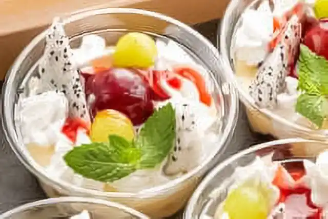 その時々の旬のフルーツをトッピングした創作ダイニングSAKIGAKE流のフルーツパフェをお楽しみください。
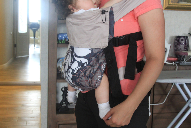 У фаст-слинга ограниченная регулировка.Вам стоит лямки расположить на плечах так, чтобы подтянуть края спинки, которые, в свою очередь, смогут подтянуть колени повыше.Пояс можно попробовать застегнуть фартуком и плотнее. Дать попе провиснуть в кармане. Сейчас пока спина выпрямляется, попа поднята вверх.
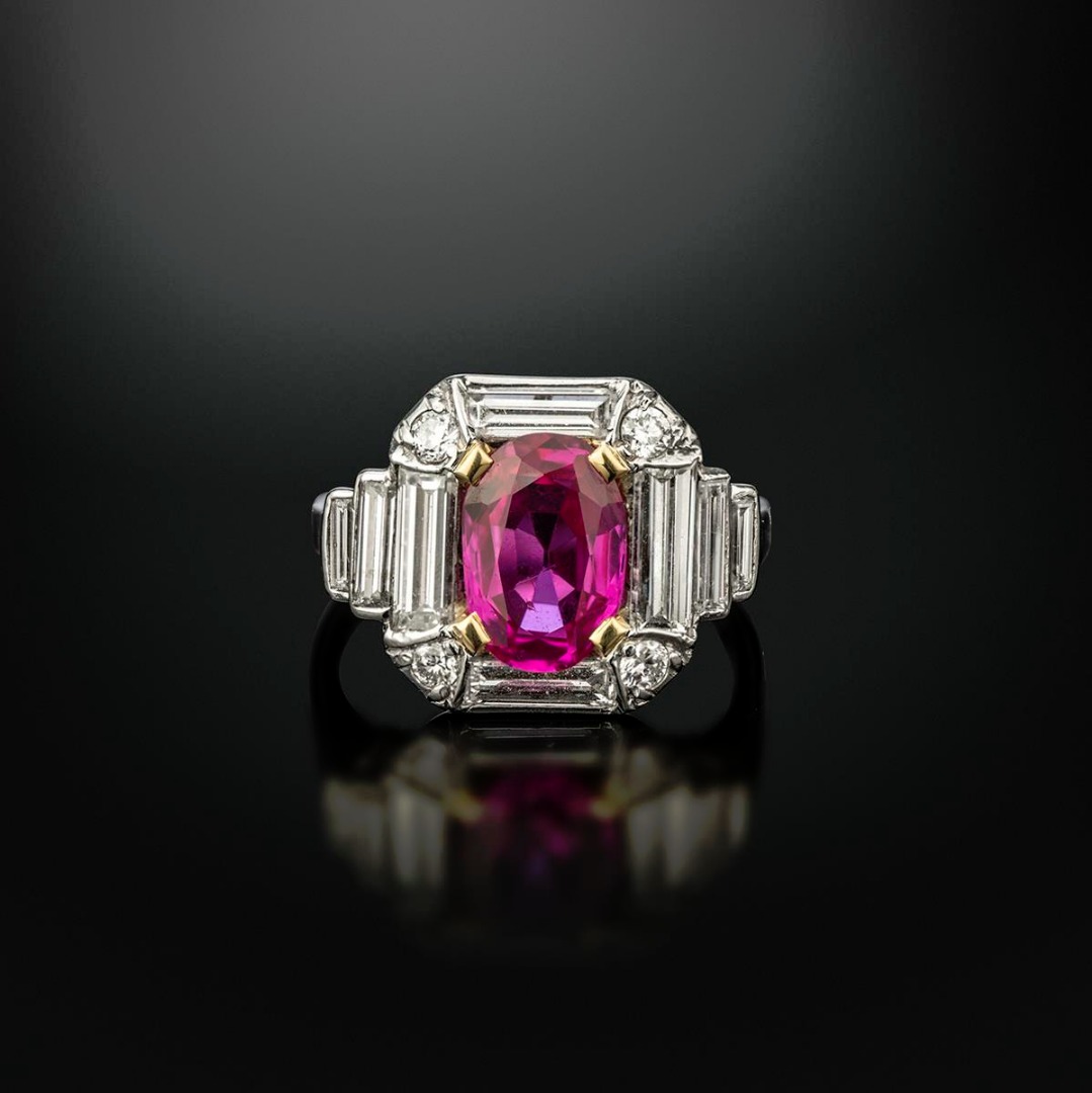 Accompanied by report number 08440 dated 30th August 2013 from The Gem and Pearl Laboratory, London stating that the oval-shaped ruby weighs 2.05cts and is a natural ruby with no evidence of heat treatment. Origin opinion: Burma.

> TASK STATEMENT
Extract the lines beginning with the one that contains "У фаст-слинга ограниченная" and ending with the last line of the listing. Keep them exact and drop the pictures.

> TASK RESPONSE
 У фаст-слинга ограниченная регулировка.Вам стоит лямки расположить на плечах так, чтобы подтянуть края спинки, которые, в свою очередь, смогут подтянуть колени повыше.Пояс можно попробовать застегнуть фартуком и плотнее. Дать попе провиснуть в кармане. Сейчас пока спина выпрямляется, попа поднята вверх.
 Accompanied by report number 08440 dated 30th August 2013 from The Gem and Pearl Laboratory, London stating that the oval-shaped ruby weighs 2.05cts and is a natural ruby with no evidence of heat treatment. Origin opinion: Burma.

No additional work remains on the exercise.